I always forget how difficult it is for people outside our immediate family to see how completely beautiful this life with our foster babies is. A lot of it is our own fault. We don’t call our friends and family to vent about the perfect things. We don’t fill out incident reports for all the times we play at the park without a tantrum. We don’t call in specialists, case managers, home visitors and therapists for the lovely conversations that take place at the breakfast table. So, let me be absolutely, unequivocally, perfectly clear: For every tear in this house, there are a hundred laughs; for every minute of tantruming, there are hours of bliss; for each ounce of struggle, there are a hundred pounds of worth it.
Here are four beautiful moments from our home this week:
- We made a friend at the park. Her name was Maura or Moriah or Maria, and she and Little Man instantly got along. She asked if she could use his bubble wand, and he said “Yes, thank you for asking. It’s kind words to ask permission.” They played happily for an hour, checking in with me and Moriah/Maria/Maura’s mom regularly. Honestly, I was planning their wedding twenty minutes into this interaction.

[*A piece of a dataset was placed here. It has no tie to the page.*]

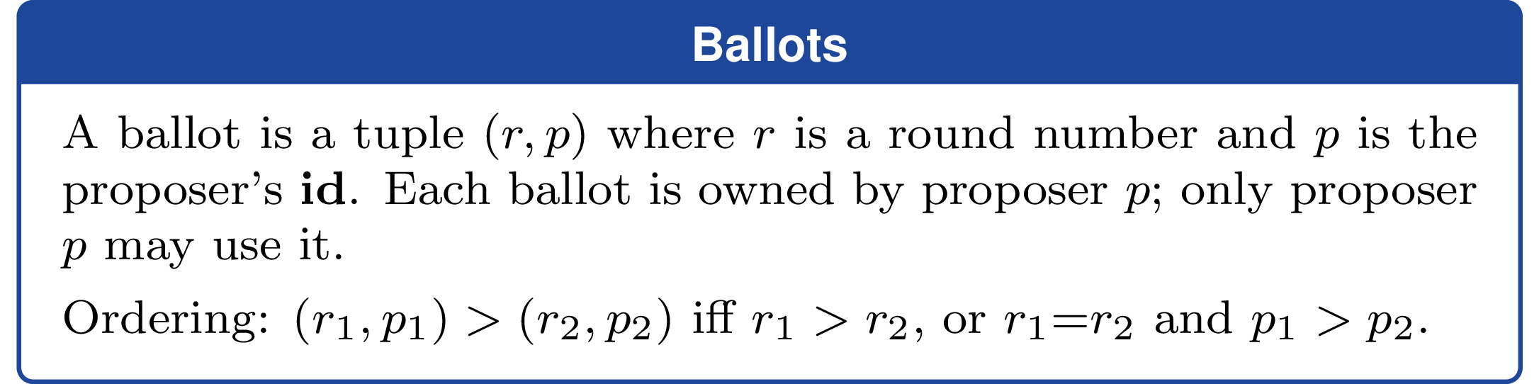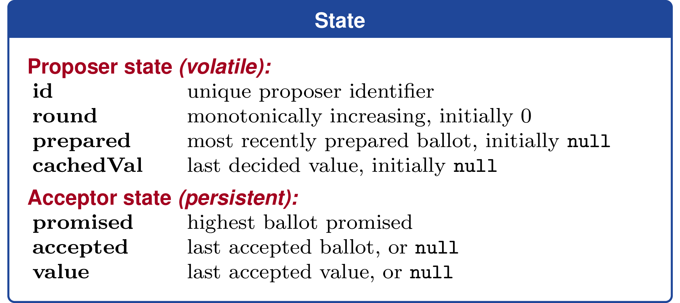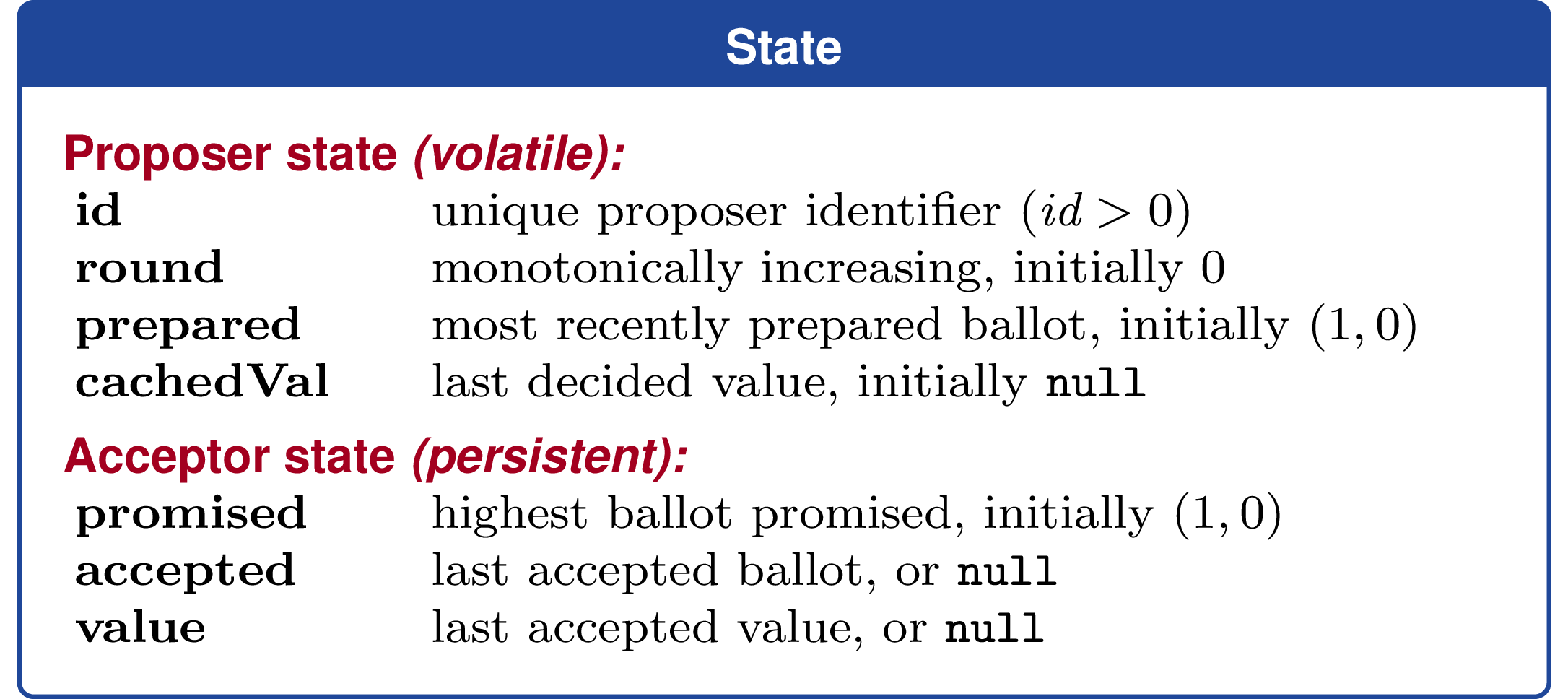 id: unique proposer identifierround: monotonically increasing, initially 0prepared: most recently prepared ballot, initiallynullcachedVal: last decided value, initiallynull

- We made garlic bread. This week I finally gave up on keeping Little Man out of the kitchen while I cook. He’s fascinated with cooking and obsessed with helping, so I finally gave in, even though it makes me crazy to have someone at my elbow while I’m working. He brought his stepping stool to his designated work space at the kitchen counter, and he diligently painted garlic butter on each slice of bread. Little Man watched me like a hawk as I put his bread under the broiler, and then he vigilantly kept an eye on the timer. He was very proud at the table to announce that he had helped make dinner as he brought the tray of garlic bread to the table.
- Little Man advocated for himself against a bully, and got adult assistance when he needed it. Another day at the park there was a little boy a year or two older than Little Man who had found a gun-shaped stick and was pretending to shoot it. At Little Man. Over and Over. With steam coming out of my ears, I was about to go get involved, but as I approached I heard Little Man firmly tell the other child “We don’t play guns. Guns hurt people, and they aren’t a game. We don’t play guns.” The other child shrugged and ran off. A while later when the other child was at it again, Little man came to me and reported on the toy gun situation and calmly asked for help. This one gave me all the proud momma feels.
- The toddler is speaking! Our toddler baby, Little Sister, came to us almost completely silent. She would hardly even babble or make sounds at an age that she should be reliably using 15 to 20 words. After two and a half months in our home and some speech therapy, her expressive language is suddenly blossoming. She can say bubble, hungry, thirsty, banana, dog, cat, momma, daddy, book, ball, love you, and bye bye. She gets more words every day, and her pronunciation is becoming clearer.
I believe any parent (foster or biological) would be proud of their child doing any of these things, but these instances are especially sweet to us. These are indicators that the kids are feeling physically and emotionally safe with us. These signs that they’re developing powerful social/emotional skills that can help them wherever they are in the future. These are the watermarks that we just might be doing what these kids need from us right now.